A PyTorch Reproduction of HCN
Co-occurrence Feature Learning from Skeleton Data for Action Recognition and Detection with Hierarchical Aggregation. Chao Li, Qiaoyong Zhong, Di Xie, Shiliang Pu, IJCAI 2018.
Features
1. Dataset
- NTU RGB+D: Cross View (CV), Cross Subject (CS)
- SBU Kinect Interaction
- PKU-MMD
2. Tasks
- Action recognition
- Action detection
3. Visualization
- Visdom supported.
Prerequisites
Our code is based on Python3.5. There are a few dependencies to run the code in the following:
- Python >= 3.5
- PyTorch == 0.4.0
- torchnet
- Visdom
- Other version info about some Python packages can be found in
requirements.txt
Usage
Data preparation
NTU RGB+D
To transform raw NTU RGB+D data into numpy array (memmap format ) by this command:
python ./feeder/ntu_gendata.py --data_path <path for raw skeleton dataset> --out_folder <path for new dataset>
Other Datasets
Not supported now.
Training
Before you start the training, you have to launch visdom server.
python -m visdom
To train the model, you should note that:
--dataset_dir
is the parents path for all the datasets,--num
the number of experiments trials (type: list).
python main.py --dataset_dir <parents path for all the datasets> --mode train --model_name HCN --dataset_name NTU-RGB-D-CV --num 01
To run a new trial with different parameters, you need to:
- Firstly, run the above training command with a new trial number, e.g,
--num 03
, thus you will got an error. - Secondly, copy a parameters file from the
./HCN/experiments/NTU-RGB-D-CV/HCN01/params.json
to the path of your new trial"./HCN/experiments/NTU-RGB-D-CV/HCN03/params.json"
and modify it as you want. - At last, run the above training command again, it will works.
Testing
python main.py --dataset_dir <parents path for all the datasets> --mode test --load True --model_name HCN --dataset_name NTU-RGB-D-CV --num 01
Load and Training
You also can load a half trained model, and start training it from a specific checkpoint by the following command:
python main.py --dataset_dir <parents path for all the datasets> --mode load_train --load True --model_name HCN --dataset_name NTU-RGB-D-CV --num 01 --load_model <path for trained model>
Results
Table
The expected Top-1 accuracy of the model for NTU-RGD+D are shown here (There is an accuracy gap.

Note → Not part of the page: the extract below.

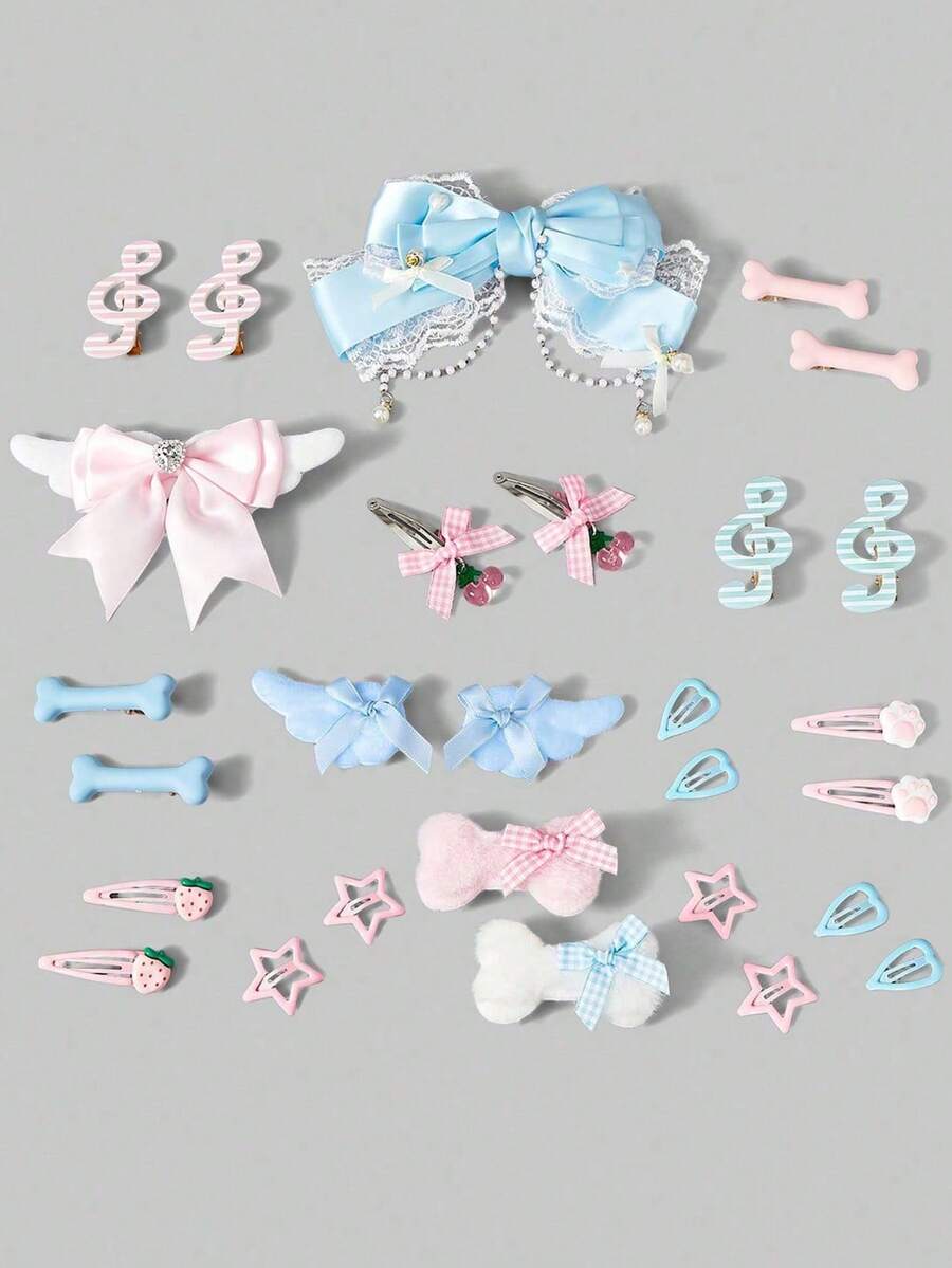 Kawaii 28 أنماط عشوائية من دبابيس الشعر الصغيرة الجميلة باللونين الوردي والأزرق، مصنوعة يدويًا بتصاميم الأجنحة والنجوم والفيونكات والفراولة والكرز وعناصر الملاحظات الموسيقية

I am not the author of original HCN paper, the repo was reproduced according to the paper text and have not been tuned carefully):
Model | Normalized Sequence Length |
FC Neuron Numbers |
NTU RGB+D Cross Subject (%) |
NTU RGB+D Cross View (%) |
---|---|---|---|---|
HCN[1] | 32 | 256 | 86.5 | 91.1 |
HCN | 32 | 256 | 84.2 | 89.2 |
HCN | 64 | 512 | 84.9* | 90.9* |
[1] http://arxiv.org/pdf/1804.06055.pdf
Figures
- Loss & accuracy[CV]
Confusion matrix - Loss & accuracy[CS]
Reference
[1] Chao Li, Qiaoyong Zhong, Di Xie, Shiliang Pu. Co-occurrence Feature Learning from Skeleton Data for Action Recognition and Detection with Hierarchical Aggregation. IJCAI 2018.
[2] yysijie/st-gcn: referred for some code of dataset processing.